Run the NGC container to deploy the RAPIDS environment.

docker run --runtime=nvidia \
        --rm -it \
        -p 8888:8888 \
        -p 8787:8787 \
        -p 8786:8786 \
        nvcr.io/nvidia/rapidsai/rapidsai:0.8-cuda10.0-runtime-ubuntu16.04-gcc5-py3.6

Step 4: Run the RAPIDS demo code

To run the RAPIDS demo code, perform the following operations:

Download the datasets and the demo files from the GPU-accelerated instance.

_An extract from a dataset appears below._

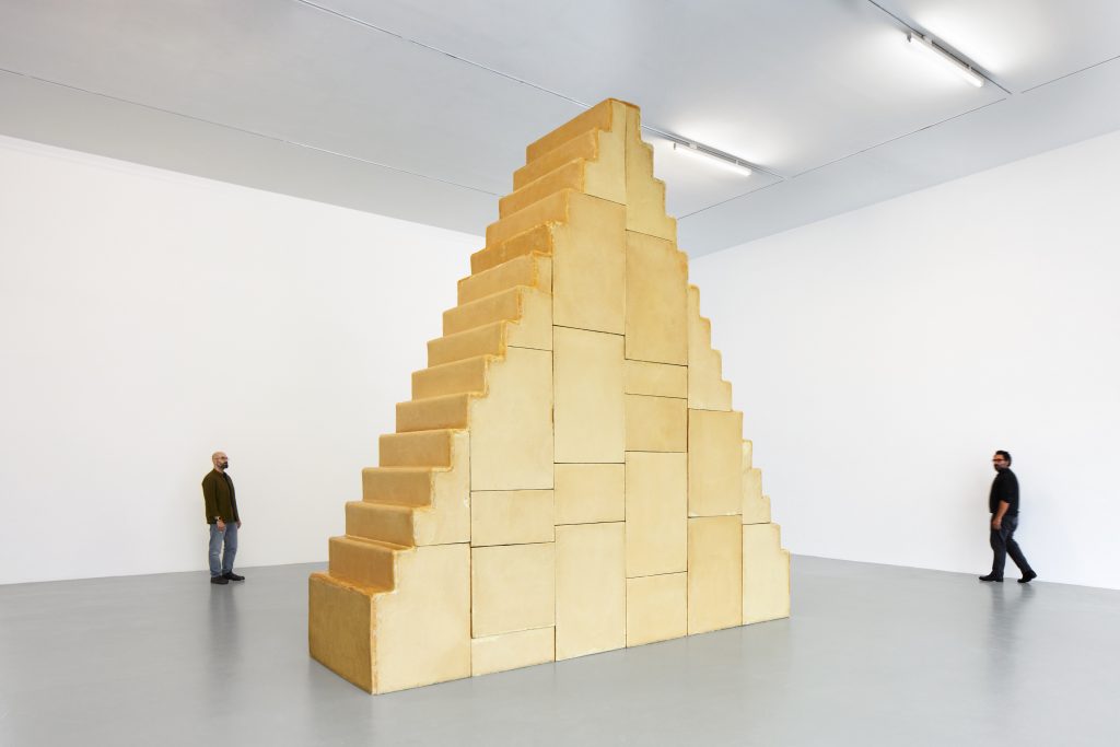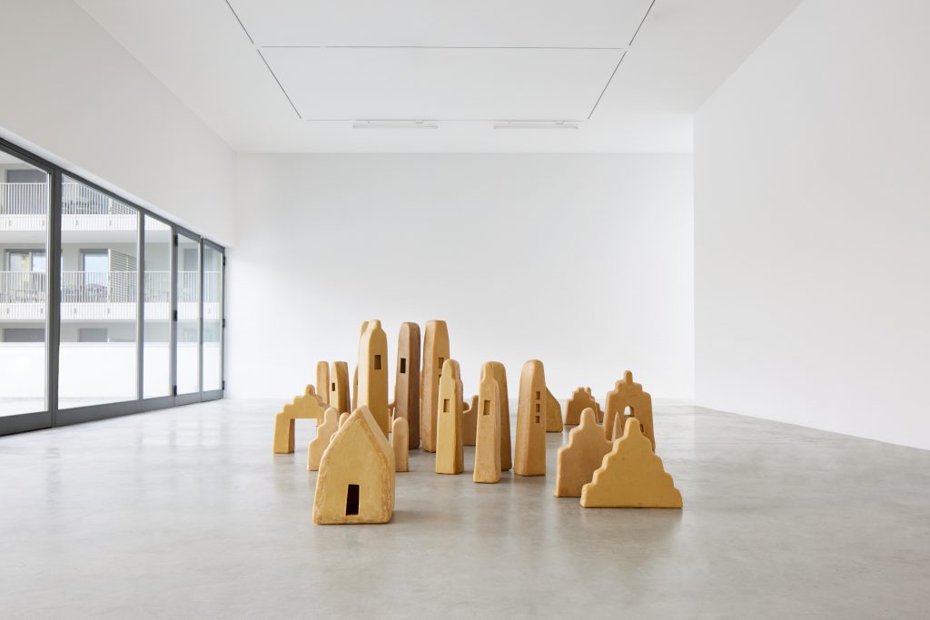 La dimensione spirituale che avvolge l’opera di Laib è evocata sin dal titolo della mostra ospitata negli spazi milanesi della Galleria Lia Rumma: … e vidi cose che ridire né sa né può …, verso estratto dal proemio del Paradiso dantesco in cui il sommo poeta riconosce la difficoltà di narrare il viaggio mistico che si accinge a percorrere. Ed è proprio come un viaggio ascensionale che viene concepita l’esposizione, la prima personale in galleria. A dare il benvenuto ai visitatori si erge Zikkurat (2000), un’imponente struttura alta 4 metri interamente rivestita di cera. Questa creazione richiama gli antichi edifici religiosi della Mesopotamia, regione più volte visitata da Laib, in grado di connettere la terra ed il cielo, gli uomini con Dio. La forma tipica di questo edificio diverrà a partire dal 1995 un motivo ricorrente all’interno delle sue installazioni, come possiamo constatare in City of Silence (2015-2023) la seconda opera in mostra. Si tratta della riproduzione di una piccola città ideale composta da trentaquattro sculture-edifici realizzate anch’esse in cera d’api. Accanto alle immancabili ziqqurat trovano posto torri del silenzio ed edifici le cui fattezze traggono ispirazione dall’architettura italica medioevale. L’artista plasma materia viva e lo fa per creare quello che è a tutti gli effetti un paesaggio urbano; un’utopica visione in cui l’oriente e l’occidente si uniscono dando vita ad una città metafisica.

# Get apt source address and download demos.
source_address=$(curl http://100.100.100.200/latest/meta-data/source-address|head -n 1)
source_address="${source_address}/opsx/ecs/linux/binary/machine_learning/"
cd /rapids
wget $source_address/rapids_notebooks_v0.8.tar.gz
tar -xzvf rapids_notebooks_v0.8.tar.gz
cd /rapids/rapids_notebooks_v0.8/xgboost
wget $source_address/data/mortgage/mortgage_2000_1gb.tgz

Start JupyterLab on the GPU-accelerated instance.
We recommend that you run the following command to start JupyterLab.
Note
You need to log on as the root user to start JupyterLab on the GPU-accelerated instance by running commands.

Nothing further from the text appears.